Justice ST. PAUL asks, How can it be argued that the adjudicatee, at an auction sale of real estate, for cash, has 10 days in which to pay the price, during which time the seller cannot begin the usual publications, "les publications d'usage," for a sale a la folle enchere? Article 2610 of the Civil Code answers the question, viz.: *Page 346

"If the object adjudged is an immovable for which the law requires that the act of sale shall be passed in writing, the purchaser may retain the price, and the seller the possession of the thing, until the act be passed.

"This act ought to be passed within twenty-four hours after the adjudication, if one of the parties requireit; he who occasions a further delay is responsible tothe other in damages." (The italics are mine.)

Then follows article 2611, saying that, if the adjudicatee has defaulted in the payment of the price, the seller may, at the end of 10 days, and after the usual publications, re-offer the property at public sale, at the risk of the adjudicatee who has defaulted. But that is not the only right or remedy of the seller in such case. Article 2608 of the Code declares, with regard to an adjudication at public auction, "the contract is from that time subject to the same rules which govern the ordinary contract of sale." And in Lalaurie v. Cahallen, 2 La. 401, it was observed that the right of the seller, in such case, to proceed by sale a la folle enchere, under article 2611 (old article 2589), was not his only right or remedy. It was said:

"When the last bidder does not comply with the terms of sale, the law authorizes the property to be put up again for sale; but it does not make it the duty of the vendor to do so, and leaves him at liberty to pursue all other legal remedies."

It has been suggested that the expression in article 2611 of the Code, "and after the customary notices," might mean "and after service of the notice of seizure, notice to appoint appraisers," etc. The possibility that that is the meaning is what has caused the doubt as to whether a sale of real estate a la folle enchere may be made without the usual advertisement or publication for 30 days. But when we read the original text we find that "customary notices" means "usual publications." If the redactors of the Code of 1870 had changed the language, in copying article 2589 of the Code of 1825, the language of the revised Code would have to *Page 347 prevail over that of the Code of 1825, according to the statute of 1870 amending and reenacting the Code. But it is well settled that the French text of the Code of 1825 must prevail over the English translation, wherever the translation is not literal or accurate. Therefore, if the language "customary notices" does not mean "usual publications," the French text, which says "publications d'usage," must prevail.

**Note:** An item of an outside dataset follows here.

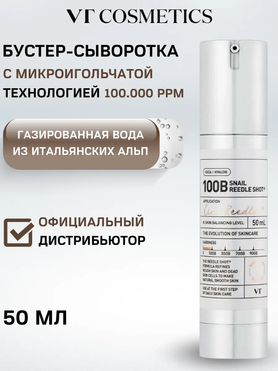 Discover unique skincare with the innovative VT Cosmetics Snail Reedle Shot 100B facial serum, designed for deep hydration and restoration. This Korean cosmetic combines advanced technology and natural ingredients to give your skin firmness, smoothness, and elasticity. Formulated with 21% snail mucin, this product actively combats wrinkles, improving skin texture and restoring a healthy, radiant appearance. Snail mucin is known for its rejuvenating properties; it promotes cell regeneration, smoothes fine lines, and improves tone. The product's key component is centella microneedles. They facilitate deep penetration of the active ingredients into the epidermal layers. This maximizes the product's effectiveness: skin becomes firmer and more elastic. This powerful anti-aging facial treatment helps minimize the signs of aging. The 17 amino acids in the formula deeply nourish the skin and strengthen its protective barrier. Squalane strengthens the skin's protective barrier, providing gentle hydration without a greasy or sticky feeling. This ingredient acts as a natural humectant, maintaining optimal hydration levels throughout the day. Combined with snail secretion, it protects against inflammation, prevents breakouts, and eliminates signs of fatigue. Ideal for use under makeup: its lightweight texture absorbs quickly without leaving a residue, smoothing the skin's surface for flawless makeup application. Regular use helps preserve youthful skin, leaving it smooth and well-groomed. If you're looking for effective anti-wrinkle care with the added benefit of correcting imperfections, this product is your perfect choice!

If this court had deliberately decided, in Stewart v. Paulding, or in Duncan v. Armant, that "aprés les publications d'usage" meant "after 10 days' publication," whether for movables or immovables, we might be justified in perpetuating the error. But it was not so decided in Stewart v. Paulding; and the learned author of the opinion in Duncan v. Armant was mistaken when he said it had been so decided. His statement to that effect was not at all pertinent to the decision of Duncan v. Armant. Therefore, if we say now that "aprés les publications d'usage" means "after 10 days' publication," whether for movable or immovable property, we are not merely repeating but making the error.